My process for any new tactics game is to first push through the initial engagements and follow the rules. It’s a means of tutorialization, I understand. But Lamplighter’s instructional phase felt light and open to interpretation. I've also played enough of this genre I find myself skimming more than studying. How does AP work? If I attack, is my turn over, despite still having an AP left? How does overwatch play out? How literal is the cover system? Lamplighter’s was easy enough to parse. But when the game detailed the Undrawn Hand, little lights started flashing in my brain. The Undrawn Hand is a system built to give you abilities and passives, but they are doled out to you on a random basis at the end of each match. If you find yourself in possession of a card with a clear upside, slot it into a character, if it doesn't fit so well, break it down into ink. The system is simple, but it adds an ability to build nuance into characters with strong archetypes. By the halfway point, Lateef, my thief and stealth infiltrator had been transformed into a buff mage. He could grant increased movement speed to two characters, remove negative status effects, and guarantee critical hits on a player-character’s next attack. Lateef’s archetype is broadly the jester. He’s a distraction dealer, with a dummy he can place to draw fire and cloak himself, blinding/aggro drawing coin tricks, and a buff to evade for every move action he makes. By the aforementioned halfway point, his diversionary tactics were last ditch advantage savers. If Ingrid got over extended, Lateef would run in and make everyone focus on the dummy. If Eddie got hit by a blinding effect and Ingrid got knocked prone, Lateef could cure those ailments and get them rolling again, restore an AP for everyone, and then he could blind a group of four, making Ingrid far more lethal. 

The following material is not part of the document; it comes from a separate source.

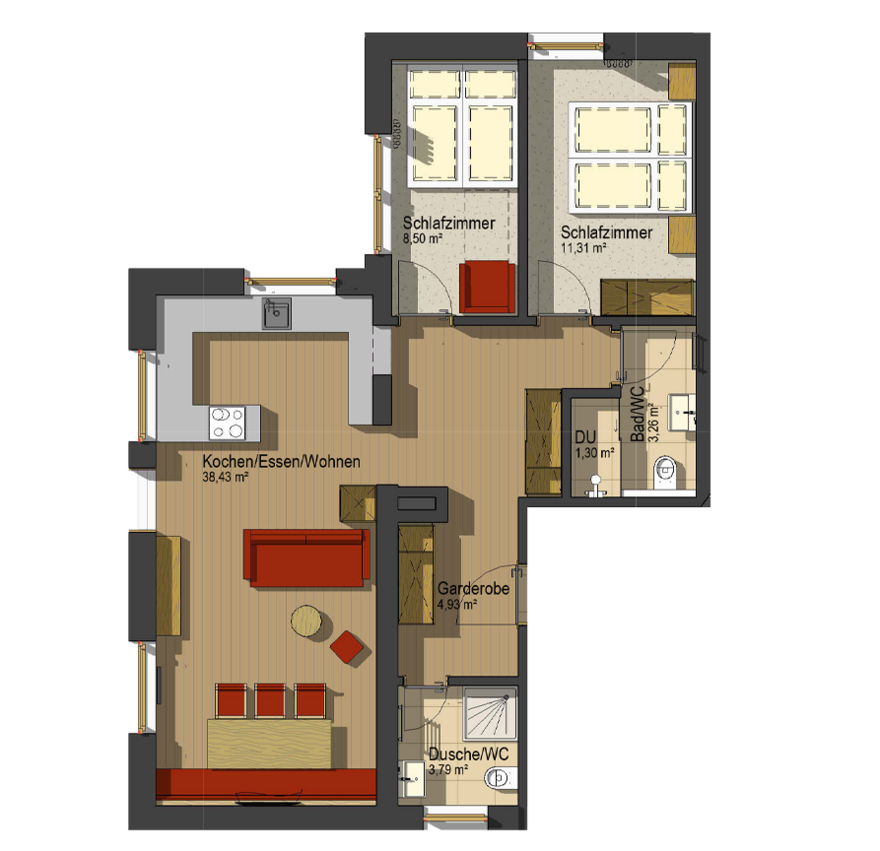 2 Schlafzimmer mit Doppelbett (Doppelbett kann getrennt werden)

The Undrawn Hand is the unsung hero of Lamplighter’s League. The diversity of loadout jumps exponentially when you have a full squad of agents on a Key Mission. For this reason I found myself playing with the same starter three throughout most of my playthrough. I dabbled in some Isaac, tempted fate with Celestine, ran fades with Ana Sofia. The closest I got to replacing a member came as I was building up Isaac. In fact, in the four man missions (as most only allow you to send three) Isaac was my go to number four. His Lewis Gun positioned him as a tremendous asset of area denial and consistent damage. Add in his abilities to heal on crits and deal more damage when overheated and I quickly fell in love with his ability to deal large amounts of damage. I even got a shock mod for his gun, which would apply shocked to ten or fifteen percent of his hits. But everything changed when I recruited Purnima.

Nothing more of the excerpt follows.